Officials propose listing Hawaii goose as threatened
Mar. 31, 2018
HONOLULU (AP) — The Hawaii state bird is ready to be downgraded from endangered to threatened under the Endangered Species Act, federal wildlife officials said.
The U.S. Fish and Wildlife Service announced the proposal Friday, saying the nene, a species of goose found in Hawaii, is recovering after nearing extinction decades ago.
Nearly 60 years ago, the nene population numbered about 30. Its population has since grown to more than 2,800, according to the Center for Biological Diversity.
"Thanks to the Endangered Species Act, the nene is well on its way to recovery," said Loyal Mehrhoff, the center's endangered species recovery director. "This landmark law helped bring our state bird back from the very edge of extinction. It's a real testament to the act's effectiveness."
The nene was listed as an endangered species in 1967.
The nene is recovering through a captive breeding program, habitat restoration and active management strategies, officials said.

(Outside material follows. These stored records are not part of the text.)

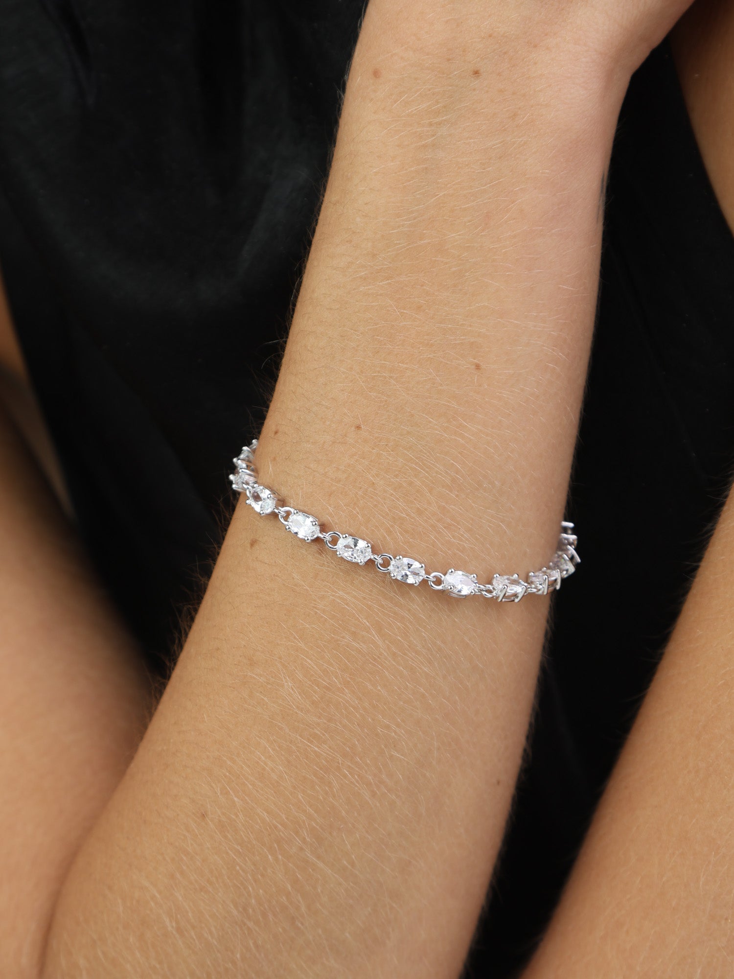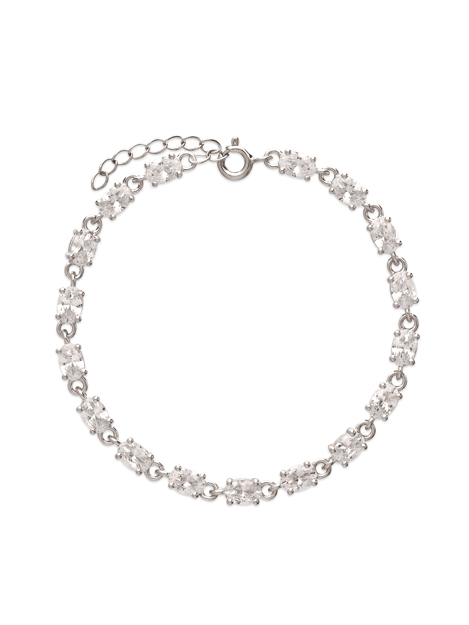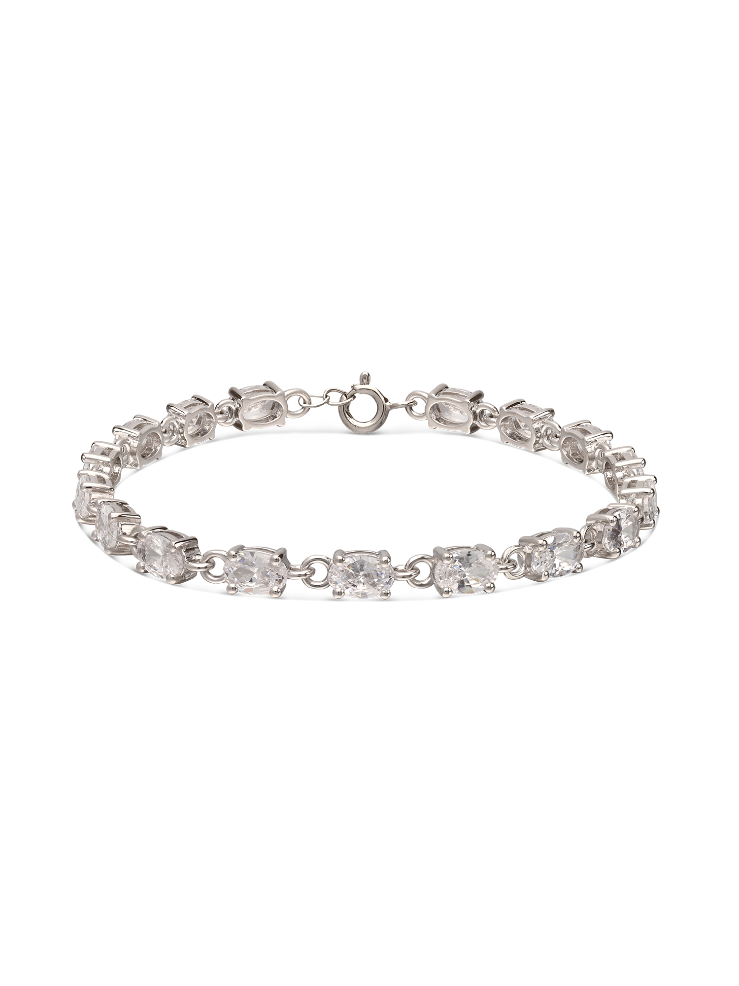 Pulseira Temática, Prata de lei 925, Zircónia de cultivo, Claro, Círculo, Feito à mão, Prateado, 7.80 gramas.
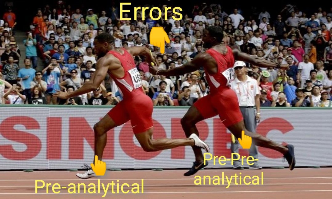 🤚(أخطاء؛ تحديد نوع الإختبار، معلومات المريض، جمع العينه، تحضير ونقل العينه ⬅️ تعتبر Pre-Pre-analytical)
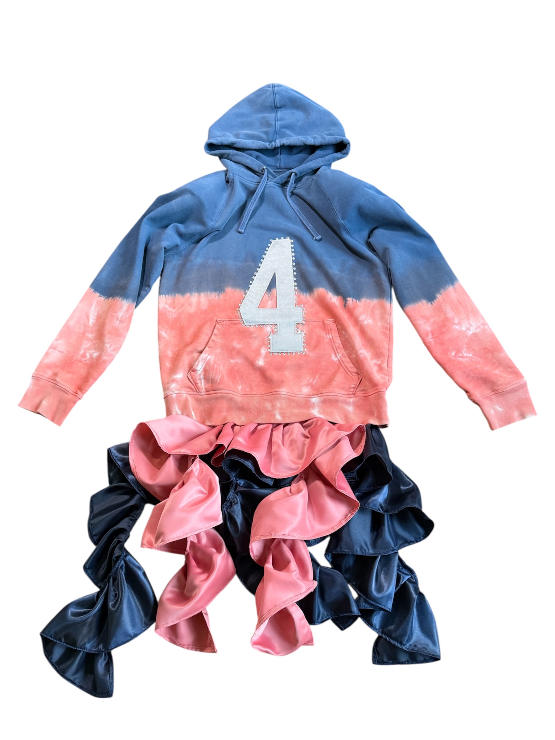 Vintage tie die hoodie that has been upcycled and adorned with ruffles and rhinestones, creating a unique, one-of-a-kind piece
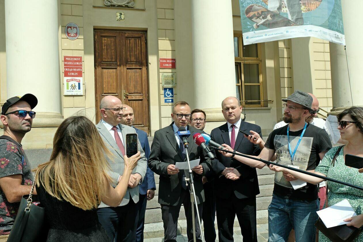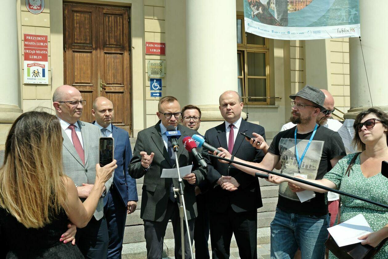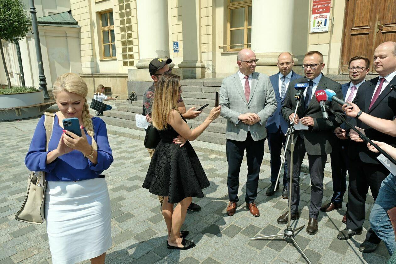 Konferencja prasowa wiceministra Artura Sobonia PIS zakłócon...
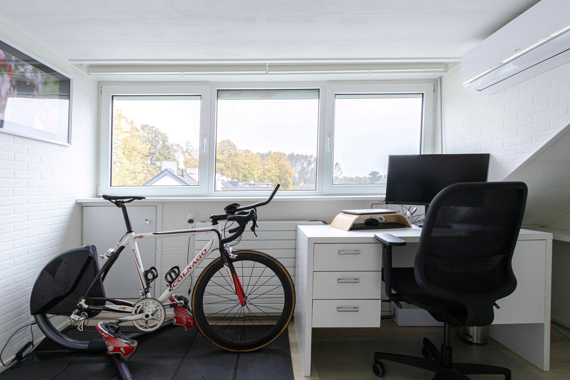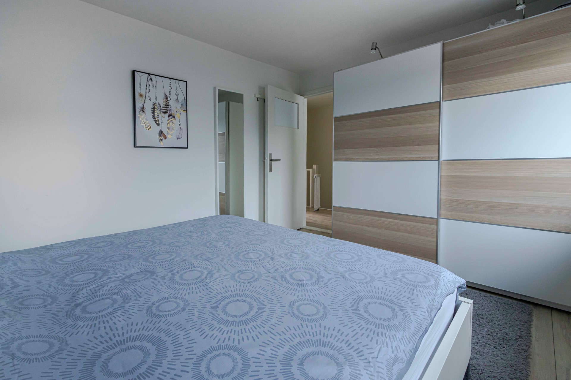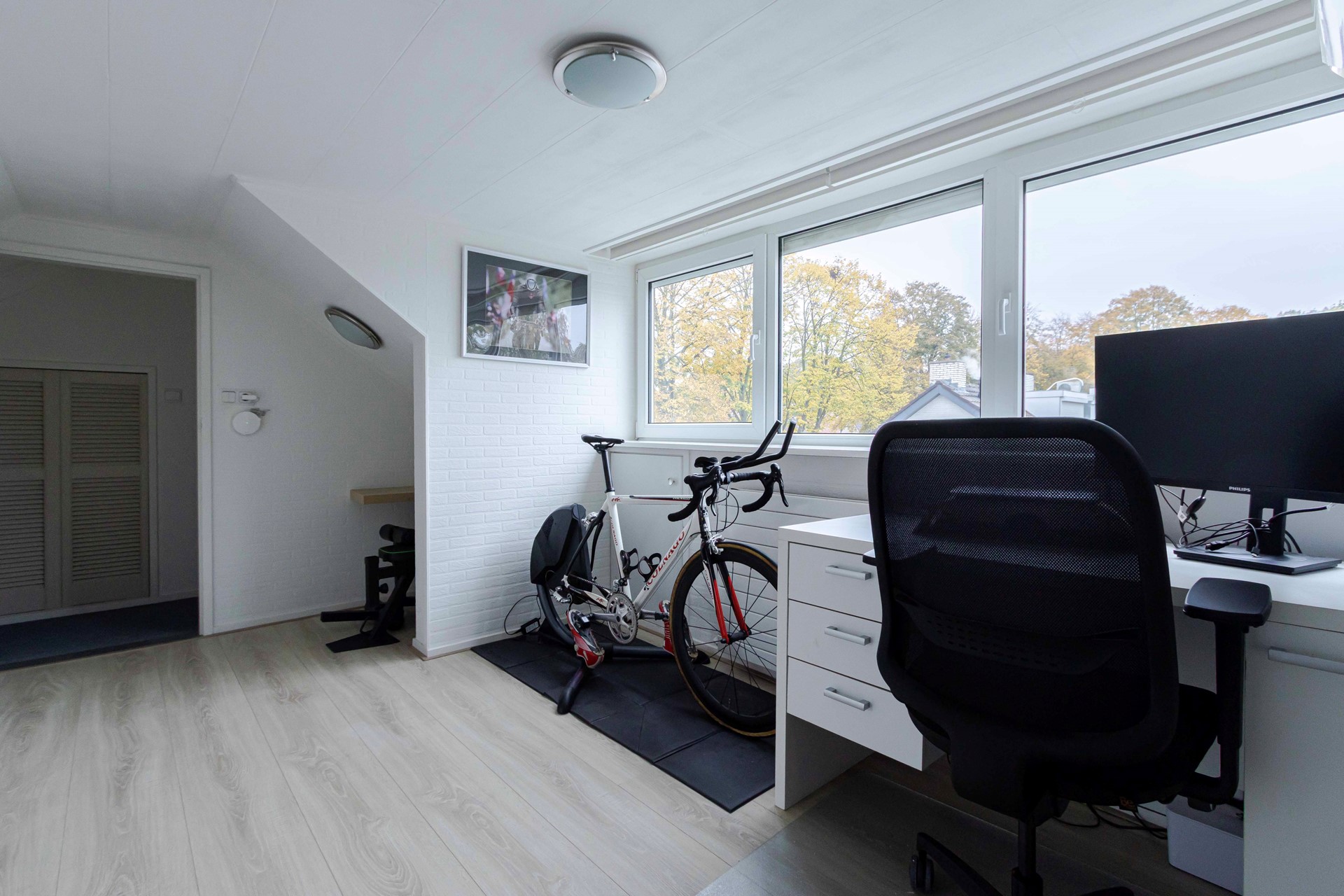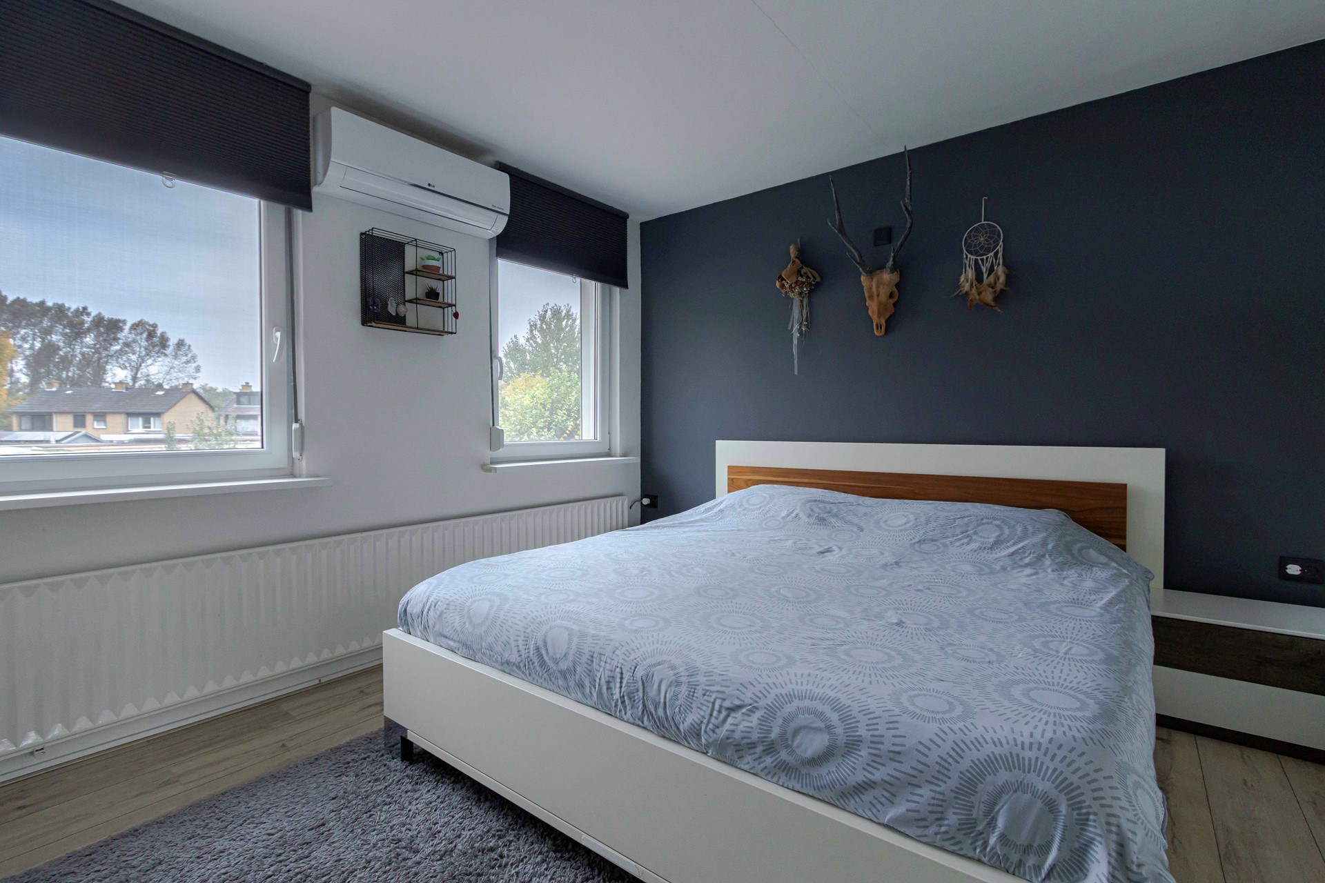 De derde slaapkamer is voorzien van een dakkapel, wat zorgt voor extra ruimte, comfort en veel natuurlijk daglicht. De kamer is mooi afgewerkt en beschikt over handige inbouwkasten en een airco. Met een oppervlakte van ruim 20 m² biedt deze slaapkamer volop ruimte.
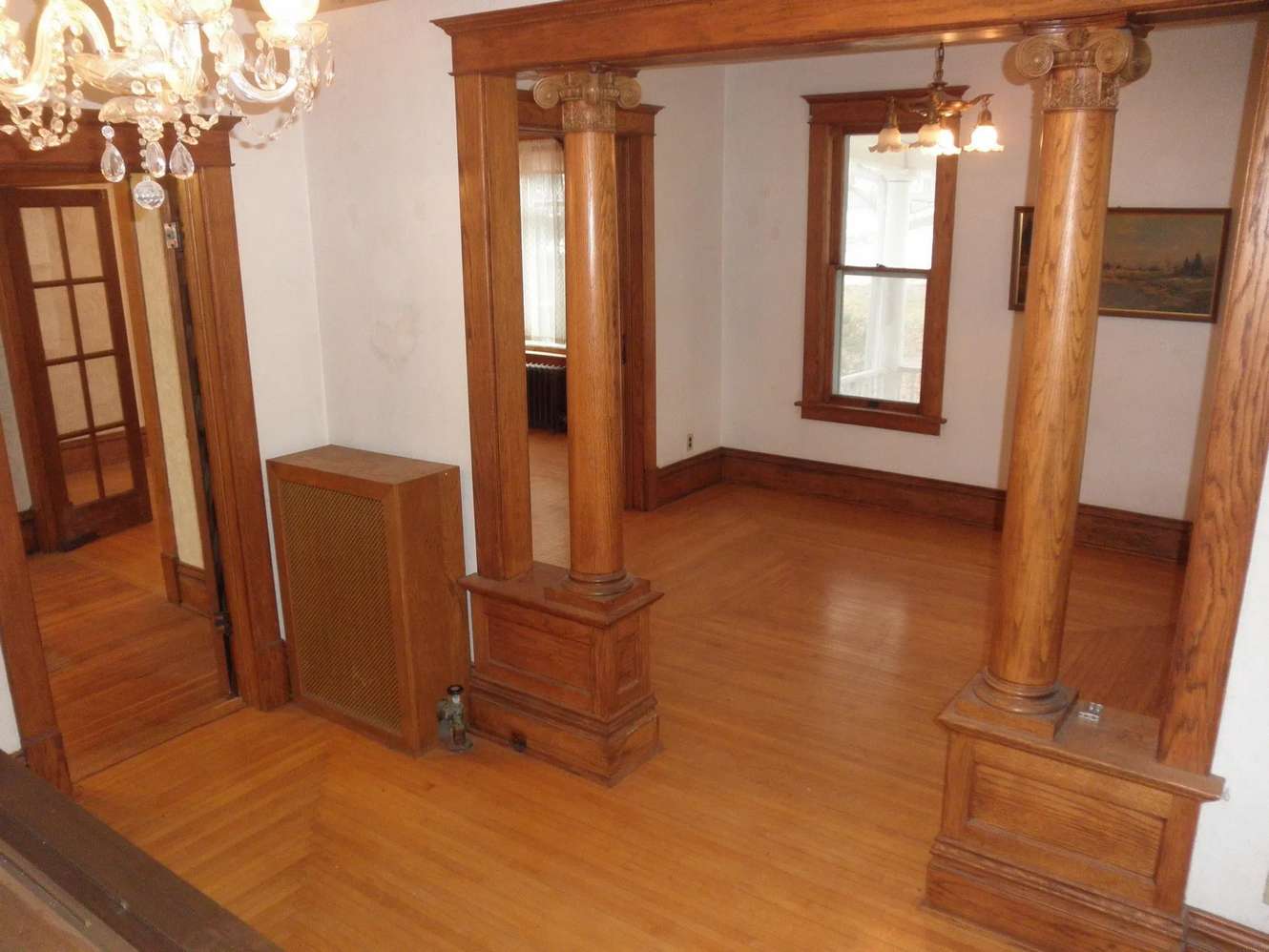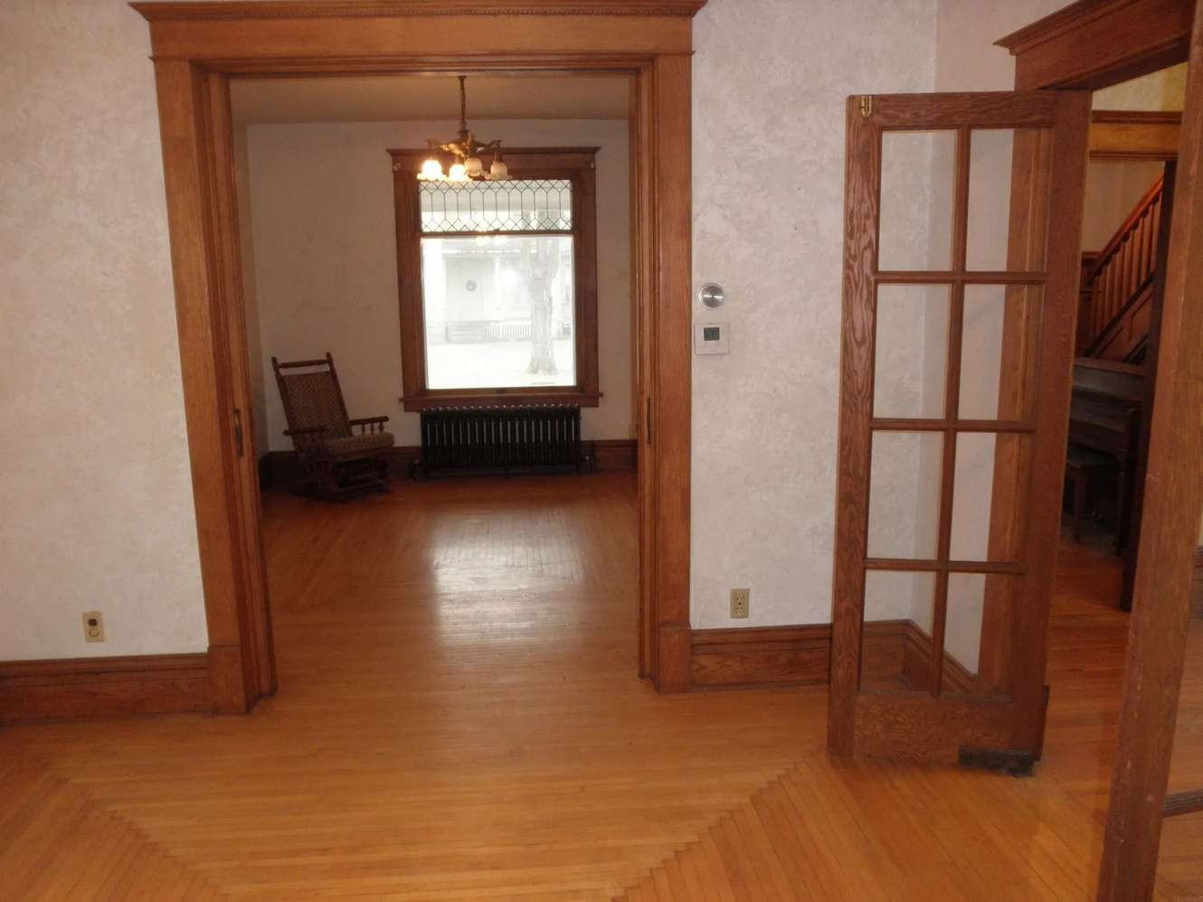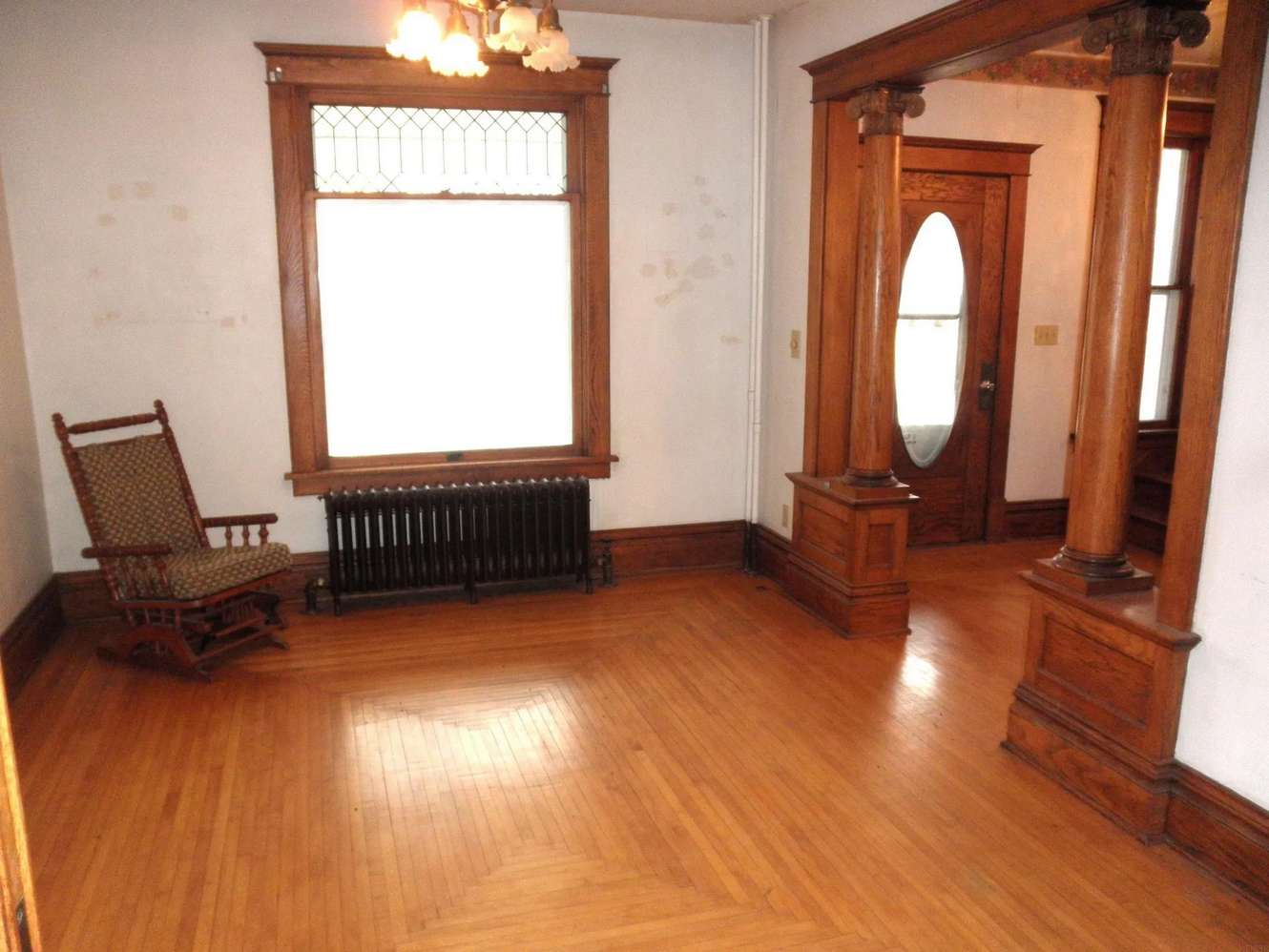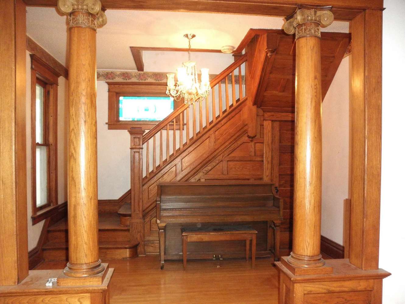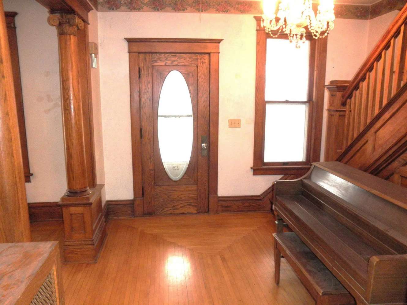 Interior Details: Upon entry, you're greeted by a beautiful natural wood open staircase, unique hardwood floors, and original colonnades separating the foyer from the formal living room. The home retains its natural wide baseboard trim and sliding wood doors between the living and dining rooms, showcasing the craftsmanship of the era.

"It took decades of hard work and remarkable partnerships to bring nene back from the brink of extinction," said Robyn Thorson, the wildlife service's Pacific Region director. "Collaborative conservation efforts like this are the key to success in protecting and recovering Hawaii's native species."
The species still faces threats from predators, habitat destruction and collisions with cars, officials said.
The nene's population is scattered across Hawaii with most located on the Big Island and Kauai.